La apertura de tiendas para la venta de electrodomésticos en moneda libremente convertible (MLC), de hecho un segundo capítulo de aquella dolarización de 1993, se dirigió a captar la moneda dura en poder de la población destinada a importar bienes del tipo aludido. Pero las ofertas oficiales se caracterizan por inestabilidad en materia de freezers, splits y motos eléctricas debido a una demanda que no puede ser cubierta de manera satisfactoria. Y sus precios siempre son superiores, a pesar del ajuste que se ha hecho. Esta es la raíz del problema y a la vez de la contradicción. El Estado quiere minimizar/suprimir esa competencia y retener la hegemonía y el control de la moneda fuerte para sus propios fines, pero al margen de la calidad y los precios de las mercancías que oferta.

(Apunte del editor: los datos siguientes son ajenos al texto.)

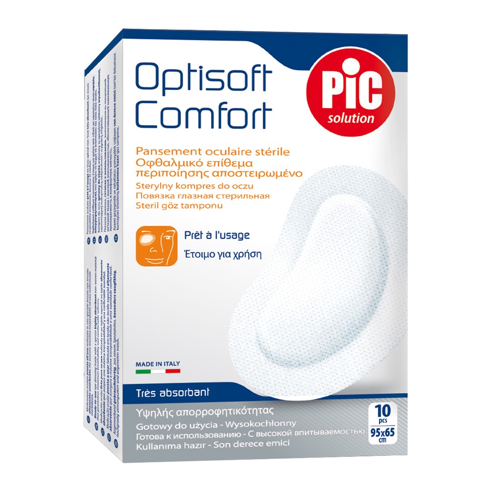 Po vlerësoni:Optisoft Comfort, garze sterile per syrin, shume perthithese. 10 Cope, 95 X 65 Mm.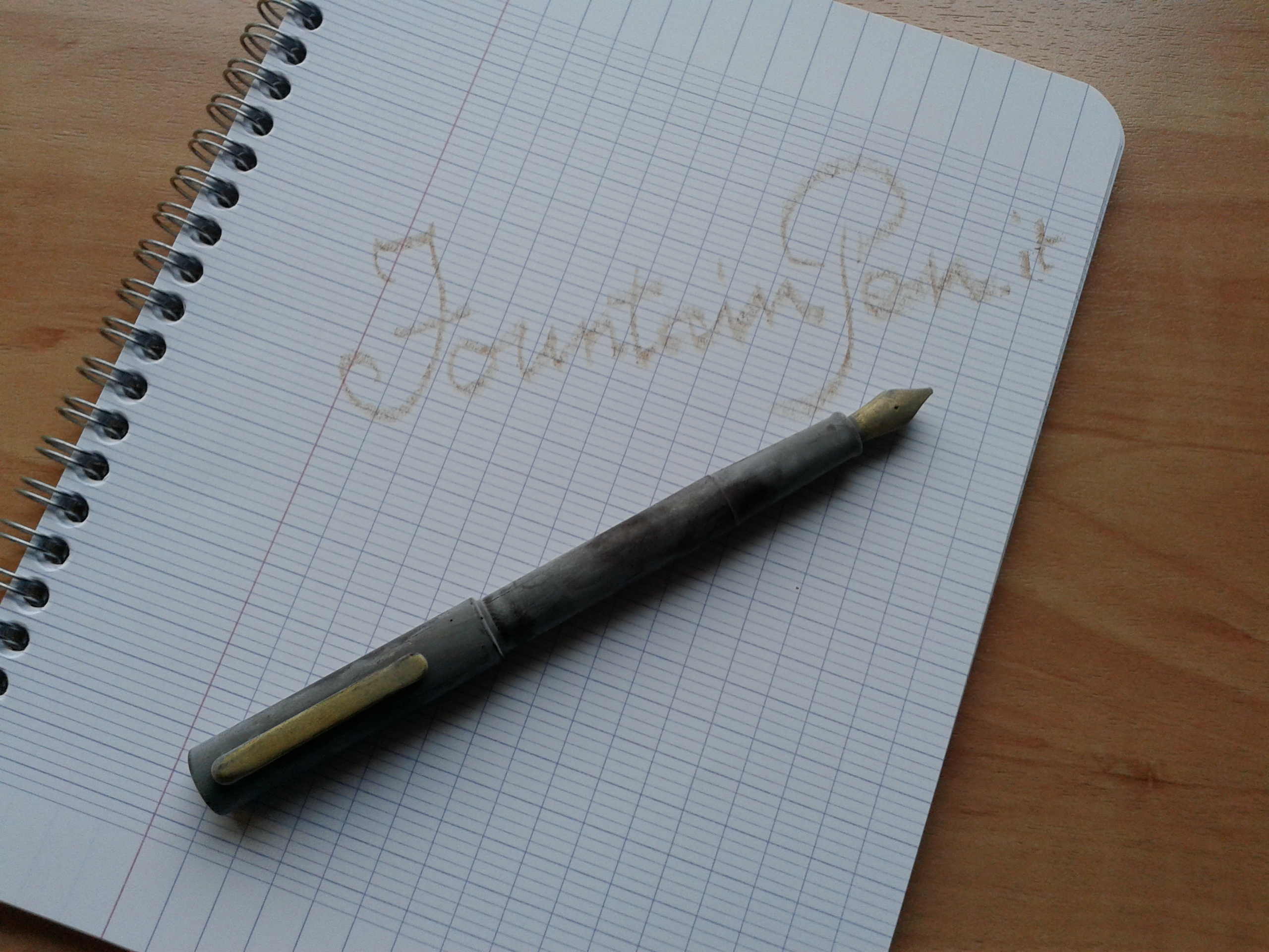 Per i santommasi che credono che sotto i 20 Euro ci sia solo la Lamy Safari, ecco una prova di scrittura su carta Clairefontaine 90 gr./m2 con inchiostro al latte (non giapponese):

Por otro lado, en Cuba accionan elementos en la subjetividad que denotan la insuficiencia de una cultura de derechos del consumidor, capítulo específico de la falta de cultura jurídica y de los derechos individuales de las personas y un lastre heredado de épocas previas, en las que “tocaban” ciertas cosas y había que agradecerlo y seguir avanzando por una senda en la que el futuro pertenecía por entero a algo que en los 90 acabó disolviéndose en Europa del Este y la URSS.

Esos déficits culturales se reproducen horizontalmente incluso en los (también) nuevos negocios privados, que exhiben sin el menor recato su autoritarismo, con mayúsculas, en carteles anunciando que NO SE ACEPTAN DEVOLUCIONES. El consumidor debe entonces validar esa asimetría como algo natural y, por consiguiente, perder inexorablemente si al llegar a su domicilio no le satisface el artículo, o si a su pareja o a su hermana no le gustó el color de la prenda, a diferencia de la práctica universal en sentido opuesto, según la cual las devoluciones (o cambios) constituyen un acto de rutina con la presentación de un simple comprobante.

Comportamientos como discutir/regatear precios se perciben como manifestaciones de antipatía y pesadez. Y verificar el peso como una movida de mal gusto, aun cuando las estafas y robos al cliente sean ese perro huevero que muerde a diario a los consumidores y nunca los suelta.

Todo ese panorama no es sino expresión de un refrán que hace unos años propagandizó un programa humorístico, totalmente incongruente, sin embargo, con los cambios y el mercado: LO QUE TE DEN, CÓGELO.